Date: Thu, 3 Jul 1997 20:31:36 -0400

From: Alexander Bogomolny

Dear Anthony:

I spent very happy 5 years in Iowa City. I fondly remember a small university town with exceptionally cultured population that usually looked up to the faculty of the university. Upon moving to New Jersey, it was a shock for me to discover how different America may be.

Are you originally from the East Coast by any chance?

The problem you have asked me to solve is

1/x + 1/y = 1/7 How?

what the heck?

The problem is ill posed in several ways. I hope you get my meaning. But returning to the math, an equation with two unknowns has infintely many solutions: (x,y) = (1, -7/6), (x,y) = (1/2, -7/13), etc.

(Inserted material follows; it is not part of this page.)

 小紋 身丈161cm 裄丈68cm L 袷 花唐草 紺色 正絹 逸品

With a lot of good will I may surmise that you are looking for integer solutions. Note that it does not follow from your formulation though. Unless, of course, "heck" is the modern midwestern slang for integer. In which case I should wonder why haven't you asked "What the hecks?"

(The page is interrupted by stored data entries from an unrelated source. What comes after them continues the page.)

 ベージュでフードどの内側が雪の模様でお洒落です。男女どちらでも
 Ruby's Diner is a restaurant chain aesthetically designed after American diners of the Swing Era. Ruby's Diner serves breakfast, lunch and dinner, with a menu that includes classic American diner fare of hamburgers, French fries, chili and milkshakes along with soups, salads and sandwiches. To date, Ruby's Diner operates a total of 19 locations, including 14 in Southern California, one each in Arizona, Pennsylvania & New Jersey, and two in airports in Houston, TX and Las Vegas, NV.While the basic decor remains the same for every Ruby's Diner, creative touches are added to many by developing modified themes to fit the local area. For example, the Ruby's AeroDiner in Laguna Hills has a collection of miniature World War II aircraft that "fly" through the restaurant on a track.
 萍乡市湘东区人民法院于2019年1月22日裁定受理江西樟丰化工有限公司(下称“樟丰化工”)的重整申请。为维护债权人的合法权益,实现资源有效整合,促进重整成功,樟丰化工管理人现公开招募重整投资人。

In integers, this equation has a single solution: x = y = 14.

The proof is as follows. For one, both x and y are greater than 7. So let x = 7+a and y = 7+b. Simplifying the equation we get

7(7+b) + 7(7+a) = (7+a)(7+b).

Further simplification results in 49 = ab. It's easy to see we can't have a = 49 and b = 1. So a = b = 7 is the only possibility.

Regards,

Alexander Bogomolny